Wednesday, May 30, 2018

The case of the missing mixer

Look Ma, no counter tops!
Did I mention that we are undergoing a "minor" kitchen renovation? Actually, it's turning out to be more "major" than we hoped. When we moved into my dream home 15 years ago, we noticed that the counter tops were pretty worn, but replacing them wasn't as important to us as opening up the wall between kitchen and dining room/living room, so that was our first kitchen reno.

Of course, the counter tops have only gotten worse over time, as have other little problems. We opened up our kitchen space, and no sooner was the wall gone than the little old fridge that came with the home died... and we learned that new fridges wouldn't fit under our old (but still lovely) oak cabinets. So for the past 15 years, our fridge had to sit half-blocking the kitchen window. As for counter space, there was never enough for a gardener who processes a lot of backyard produce.

So when our kitchen windows began clouding up last fall because their seals were done, we did some thinking and planning, and bit the bullet because we knew that changing the windows would lead to a cascade of repairs that meant we might as well take time to renovate the kitchen as a whole.

I find it interesting how just the word "renovation" evokes major excitement in some people. For me, it evokes dread, but I guess I'm not one who watches Home Reno TV channels where renos look so easy and glamourous. We certainly aren't looking for the trendiest new kitchen, or the inevitable setbacks that go with it. Functional is enough when you're trying to live Voluntary Simplicity.

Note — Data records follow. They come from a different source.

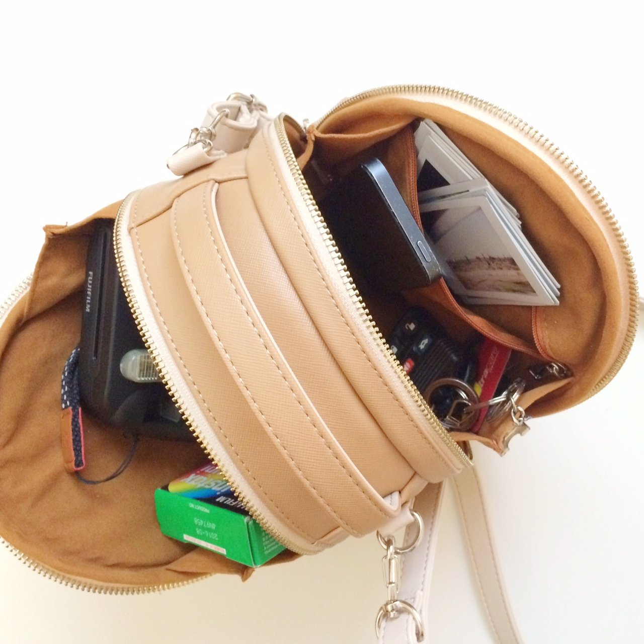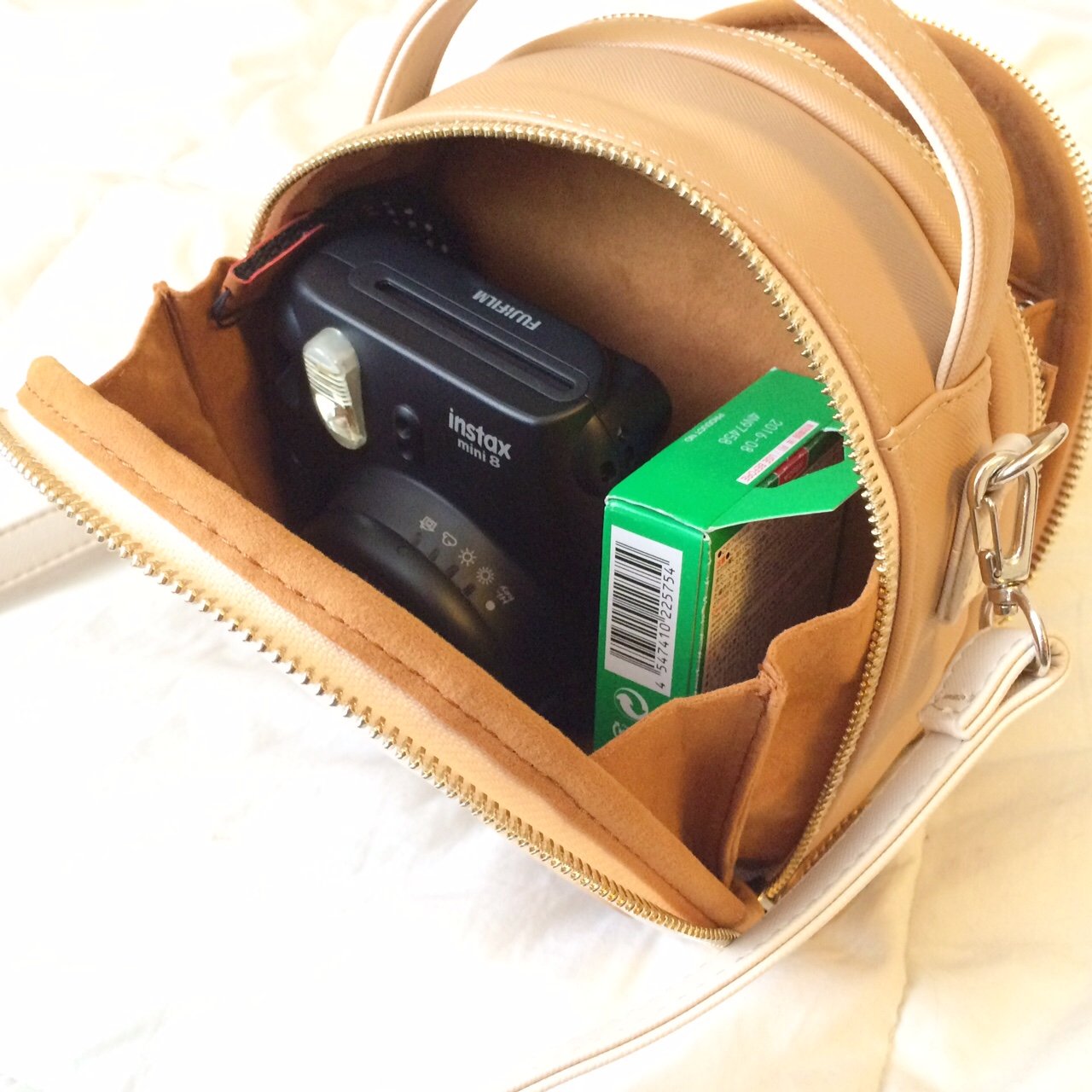 It is an ultra large capacity instant camera bag, it can be put together on both sides of the bag together with the camera body and other things, since there are pockets on both sides with a chuck.
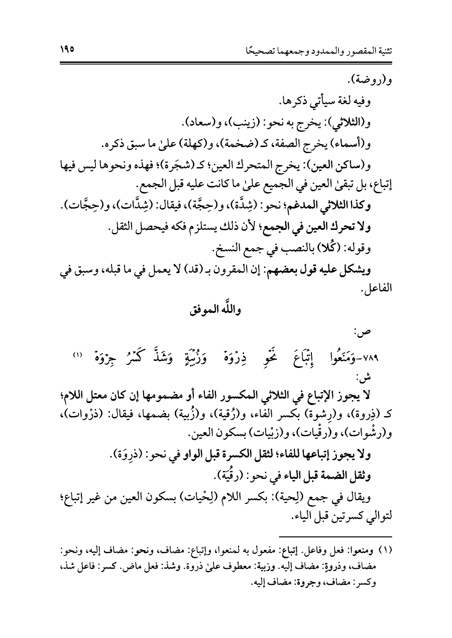 (¬١) ومنعوا: فعل وفاعل. إتباع: مفعول به لمنعوا، وإتباع: مضاف، ونحو: مضاف إليه، ونحو: مضاف، وذروةٍ: مضاف إليه. وزبية: معطوف على ذروة. وشذ: فعل ماض. كسر: فاعل شذ، وكسر: مضاف، وجروة: مضاف إليه.
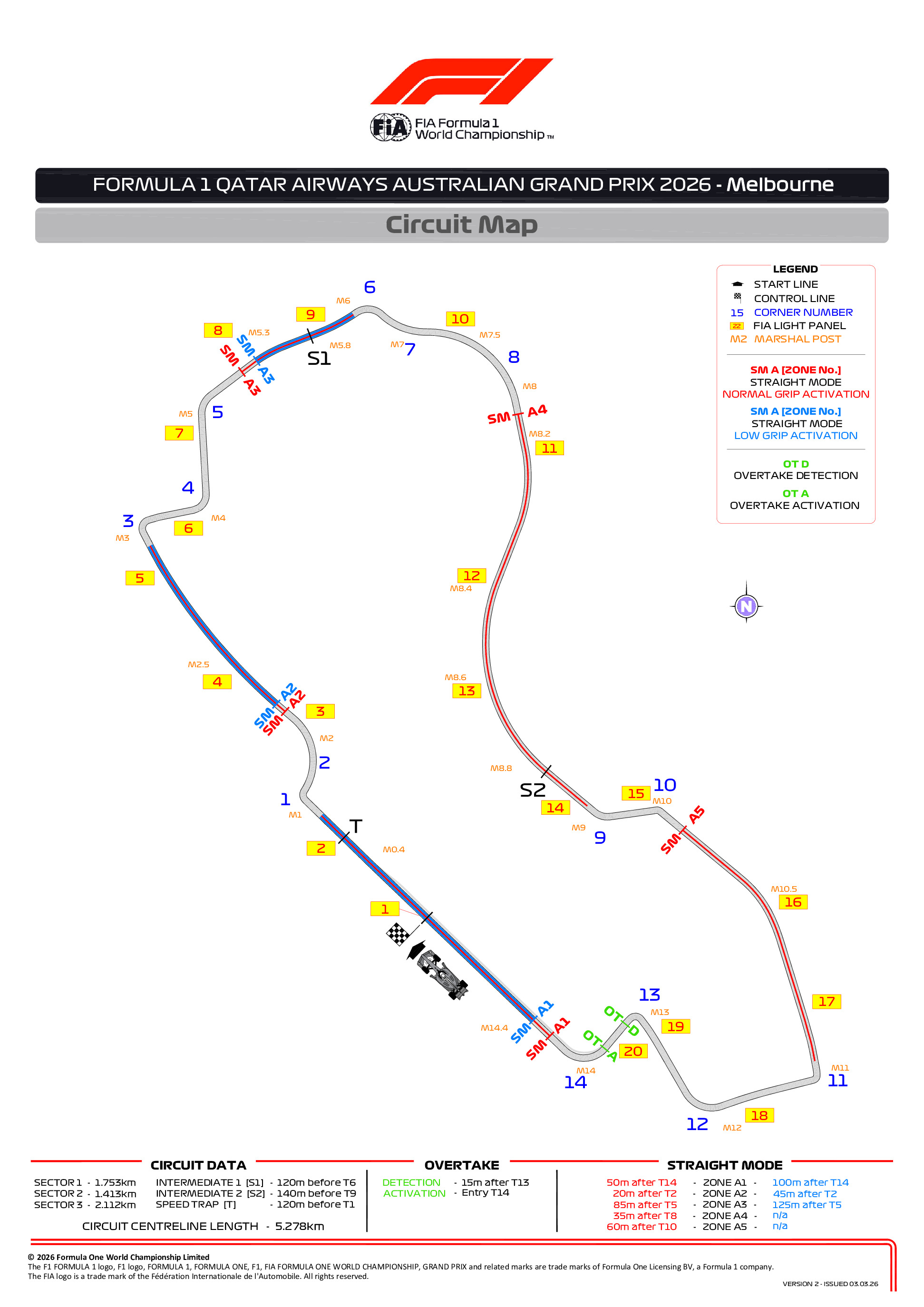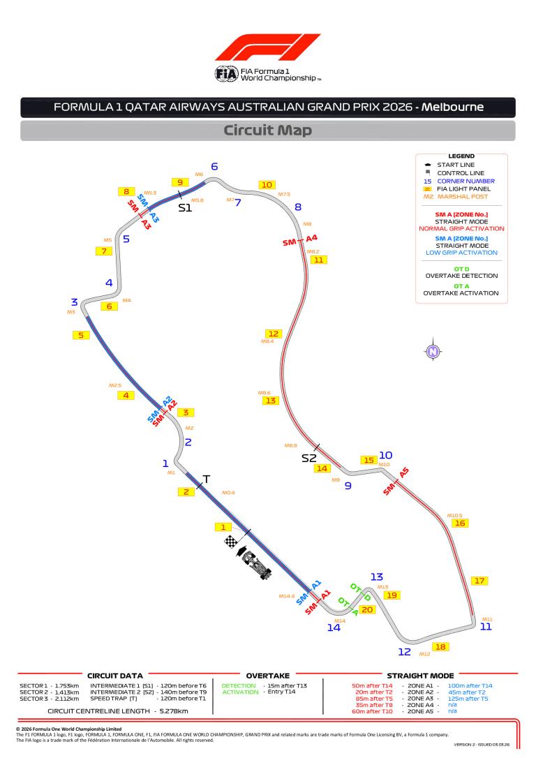 Retour aux Brefs F1Pour le Grand Prix d'Australie 2026, disputé sur le circuit semi-urbain d'Albert Park à Melbourne, plusieurs ajustements ont été apportés au tracé, tandis que la FIA introduit pour la première fois l'utilisation des zones de "Straight Mode" (mode ligne droite) liées aux nouvelles aérodynamiques actives des monoplaces.

First step -- replace the windows. Easy peasy as we didn't have to lift a finger (other than working to pay for them).

Second step -- remove the old backsplash tiles to allow for new countertop. Quite a bit more work, as we had to make choices about tiles that would match our new arborite. I'm no designer, but I think we did okay. Because Lee is quite particular about having a decent surface for the new backsplash, he put in a lot of hours and muscle removing the tiles and glue from old plaster walls while I was planting our garden.

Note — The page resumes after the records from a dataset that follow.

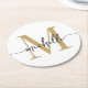 Girly Modern Simple Elegant White and Gold Monogram Initial Name Signature Script Custom Personalised Round Paper Coaster. This design featuring your first name in a pretty hand lettered style swash tail font typography (or calligraphy) with monogram initial in gold and black on white colour background. These are easy to customise it. Great stylish feminine housewarming gift, also for birthday, wedding, bridal shower, mother’s day, sweet 16 birthday party, baby shower, for graduation party and It’s for the girl who loves minimal unique stylish things.
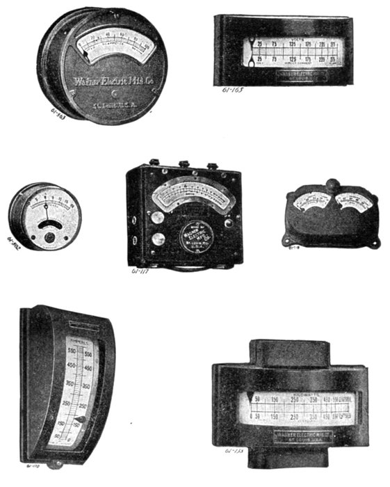 | Virtual value of an alternating current or pressure—the word effective erroneously used for virtual: steam engine analogy illustrating this error—classification of instruments: electromagnetic or moving wire, hot wire, induction, dynamometer—electromagnetic or moving iron instruments: types: plunger, inclined coil, magnetic vane; [Pg vi]character of scale; objections and precautions—inclined coil instruments—magnetic vane instruments—hot wire instruments—induction instruments: types: shielded pole, rotary field; operation of both types—dynamometers: construction and operation; how arranged to measure watts—watthour meters: types: commutator, induction, Faraday disc; essential parts; object of the motor; object of generator; objection to commutator meter—principles of induction watthour meters: essential parts; strength of rotating field; moving element; retarding element; registering element; frame and bearings; friction compensator; power factor adjustment; frequency adjustment—Faraday disc, or mercury motor ampere hour meter: construction and operation—frequency indicators: types: synchronous motor, resonance, induction; synchronous motor as frequency indicator—resonance frequency indicators: adaptation—induction frequency meter: construction and operation—synchronism indicators: types: lamp or voltmeter, resonance or vibrating reed, rotating field—power factor indicators: wattmeter type; disc, or rotating field type—ground detectors. | |
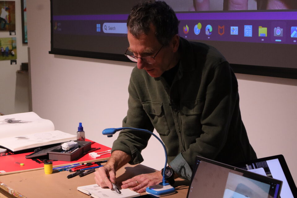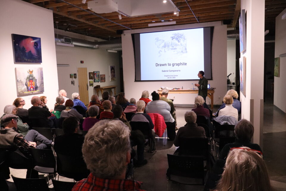 The main room at Graphite Arts Center was quiet as a library Tuesday evening as 40 people watched Urban Sketchers founder Gabriel “Gabi” Campanario. He cross-hatched and brushed a pencil across the sketchbook as he copied a drawing of a stone arch in a ravine. In 10 minutes, the vague outlines turned into a black-and-white illustration one might find in Rembrandt’s sketchbook.

Third step -- the new built cabinets were installed on Monday, no problem, and the fridge finally took its rightful place after 15 years of warming itself in the kitchen window. I could have kissed Tim, the installer.

Fourth step -- things get complicated. Yesterday morning, the countertop guy came to template everything, old and new. In looking at the removal of our old countertop, he concluded that the bottom cupboards and counter top had been built so well onsite (by the previous owner of our home, who was a finishing carpenter), cutting out the old countertop was impossible because he'd probably end up demolishing all the kitchen drawers since everything fit together so closely. He recommended removing the old arborite with heat and laquer thinner, and applying a new sheet of arborite. A very messy process and a big setback. Just the idea made me groan... and swear.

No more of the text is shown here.